Define the minimum interface that creates trust in the automation:
* What must be visible?
* What must be overridable?
* What can remain configuration-only?

**Questions to ask:**
* Do you need timeline scrubbing or is a segment list with preview enough?
* What are the top 3 manual actions you will do every session?
* What must be one-click reversible?
* What level of detail do you need to see before trusting the output?

---

### Section 8: Acceptance Tests

Gather:
* At least 5 happy-path scenarios
* At least 10 edge-case scenarios
* Performance expectations

**Questions to ask:**
* What is the maximum tolerable error for sync, detection, etc.?
* How will you evaluate output quality quickly?
* What is an acceptable processing time for typical content?
* What would cause you to reject an output?

---

### Section 9: Phased Scope

Only complete this section after Gates A–D are passed.

Define:
* **v0.0 (Prototype):** The smallest build that validates the riskiest assumptions
* **v0.1 (MVP):** The smallest build that is usable regularly
* **v0.2+:** Future enhancements

**Questions to ask:**
* What is the single riskiest assumption to validate first?
* What is the minimum feature set you would use weekly?
* What would make you stop after v0.0?
* What features are explicitly deferred?

---

## Output Format

After all gates are passed and all sections are complete, produce a PRD document with the following structure:

```
# PRD: [Project Name]

## Problem Statement
## Success Criteria
## Inputs and Outputs
## Constraints
## User Workflow
## Control Model
## Definitions
## Edge Cases and Behaviours
## Style System
## Review Interface Requirements
## Acceptance Tests
## Phased Scope
### v0.0 (Prototype)
### v0.1 (MVP)
### v0.2+ (Future)
## Assumptions Log
## Out of Scope
```

---

## Transition Checkpoints

At each gate, pause and confirm with the user:

**Gate A checkpoint:**
> "I believe we have defined the problem and success criteria.
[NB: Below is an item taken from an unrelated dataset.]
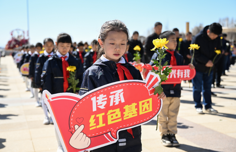 4月2日,学生在黑龙江省佳木斯市西林公园革命纪念塔前向英烈献花。新华社发(陈志国摄)

Here is my summary: [summary]. Is this correct, or should we explore further?"

**Gate B checkpoint:**
> "I believe we have identified all inputs, outputs, and constraints. Here is my summary: [summary]. Is this correct, or should we explore further?"

**Gate C checkpoint:**
> "I believe we have a complete workflow from start to finish. Here is my summary: [summary]. Is this correct, or should we explore further?"

**Gate D checkpoint:**
> "I believe we have deterministic definitions and edge-case behaviours. Here is my summary: [summary]. Is this correct, or should we explore further?"

Only after all four checkpoints are confirmed should you proceed to Section 9 (Phased Scope) and produce the final PRD.